[Opening Data for this exercise section]

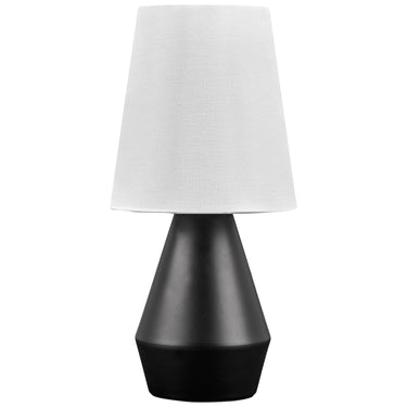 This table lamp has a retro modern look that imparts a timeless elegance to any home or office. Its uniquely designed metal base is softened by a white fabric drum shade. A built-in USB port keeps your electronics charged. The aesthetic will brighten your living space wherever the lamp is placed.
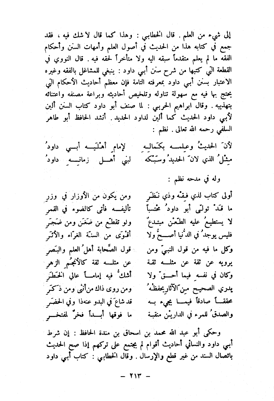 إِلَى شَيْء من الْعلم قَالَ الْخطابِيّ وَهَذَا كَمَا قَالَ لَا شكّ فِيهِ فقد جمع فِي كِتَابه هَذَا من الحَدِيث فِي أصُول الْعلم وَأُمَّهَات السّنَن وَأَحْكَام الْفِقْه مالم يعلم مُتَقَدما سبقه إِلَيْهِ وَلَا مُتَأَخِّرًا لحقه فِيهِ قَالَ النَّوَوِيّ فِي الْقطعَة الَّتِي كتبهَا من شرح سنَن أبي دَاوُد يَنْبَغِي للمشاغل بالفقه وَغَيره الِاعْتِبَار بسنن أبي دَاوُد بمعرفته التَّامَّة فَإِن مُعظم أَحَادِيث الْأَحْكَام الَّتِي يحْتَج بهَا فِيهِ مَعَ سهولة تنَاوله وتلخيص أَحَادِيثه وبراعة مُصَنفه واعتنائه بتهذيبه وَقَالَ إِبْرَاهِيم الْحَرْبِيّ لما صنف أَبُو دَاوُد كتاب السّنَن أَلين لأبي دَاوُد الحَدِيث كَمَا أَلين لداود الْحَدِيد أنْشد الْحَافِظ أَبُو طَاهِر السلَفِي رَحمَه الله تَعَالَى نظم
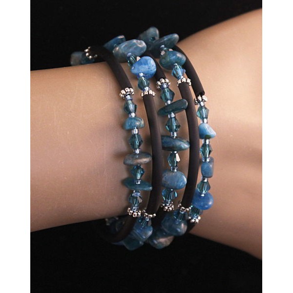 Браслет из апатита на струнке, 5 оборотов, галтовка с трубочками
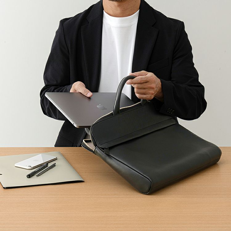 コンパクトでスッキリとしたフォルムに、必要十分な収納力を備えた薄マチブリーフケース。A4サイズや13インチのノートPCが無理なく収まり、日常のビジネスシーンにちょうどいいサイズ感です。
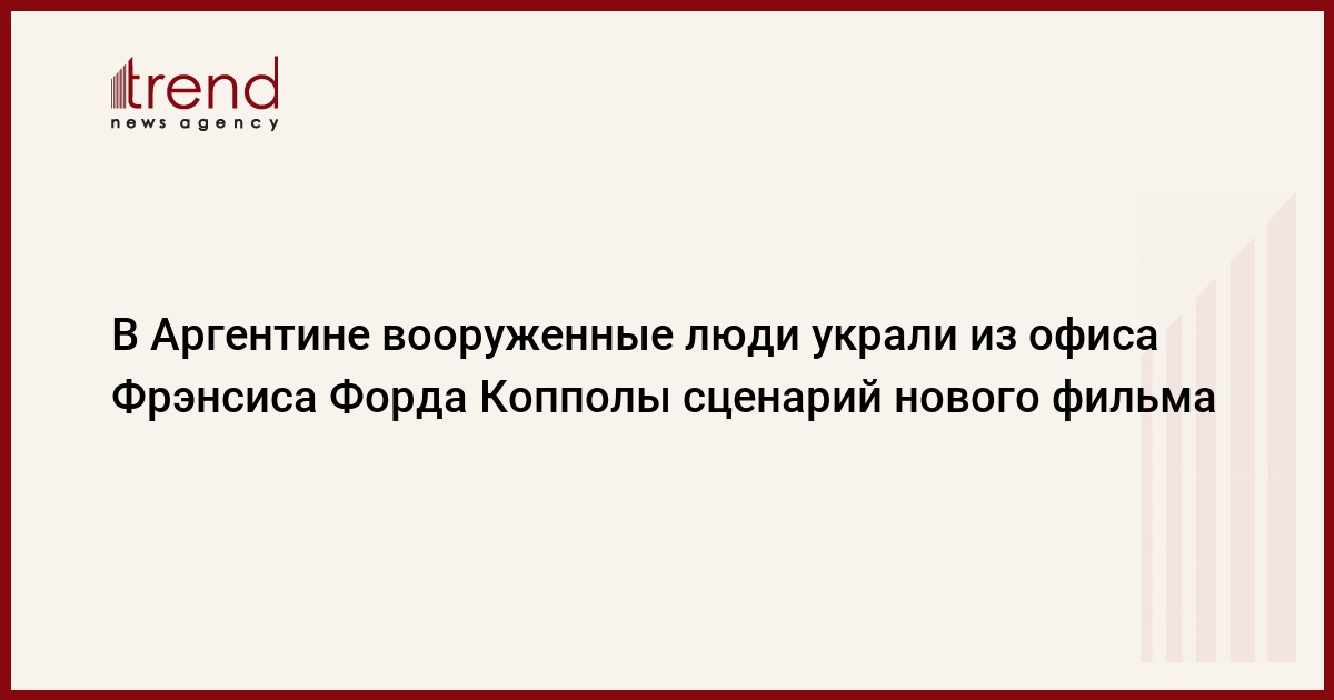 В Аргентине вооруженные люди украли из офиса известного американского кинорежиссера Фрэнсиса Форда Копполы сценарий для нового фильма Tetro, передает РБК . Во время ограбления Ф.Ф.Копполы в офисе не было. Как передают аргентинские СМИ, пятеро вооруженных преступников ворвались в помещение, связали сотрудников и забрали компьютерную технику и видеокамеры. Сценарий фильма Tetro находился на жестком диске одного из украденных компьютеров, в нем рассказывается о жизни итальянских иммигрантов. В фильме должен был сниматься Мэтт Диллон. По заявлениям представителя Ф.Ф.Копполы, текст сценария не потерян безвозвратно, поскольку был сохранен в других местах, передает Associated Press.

[Closing Data for this exercise section]

■ Action item
Where a line contains "コンパクトでスッキリとしたフ", begin there and set down exactly each line through the end of the data above, omitting any pictures.

■ Written answer
 コンパクトでスッキリとしたフォルムに、必要十分な収納力を備えた薄マチブリーフケース。A4サイズや13インチのノートPCが無理なく収まり、日常のビジネスシーンにちょうどいいサイズ感です。
 В Аргентине вооруженные люди украли из офиса известного американского кинорежиссера Фрэнсиса Форда Копполы сценарий для нового фильма Tetro, передает РБК . Во время ограбления Ф.Ф.Копполы в офисе не было. Как передают аргентинские СМИ, пятеро вооруженных преступников ворвались в помещение, связали сотрудников и забрали компьютерную технику и видеокамеры. Сценарий фильма Tetro находился на жестком диске одного из украденных компьютеров, в нем рассказывается о жизни итальянских иммигрантов. В фильме должен был сниматься Мэтт Диллон. По заявлениям представителя Ф.Ф.Копполы, текст сценария не потерян безвозвратно, поскольку был сохранен в других местах, передает Associated Press.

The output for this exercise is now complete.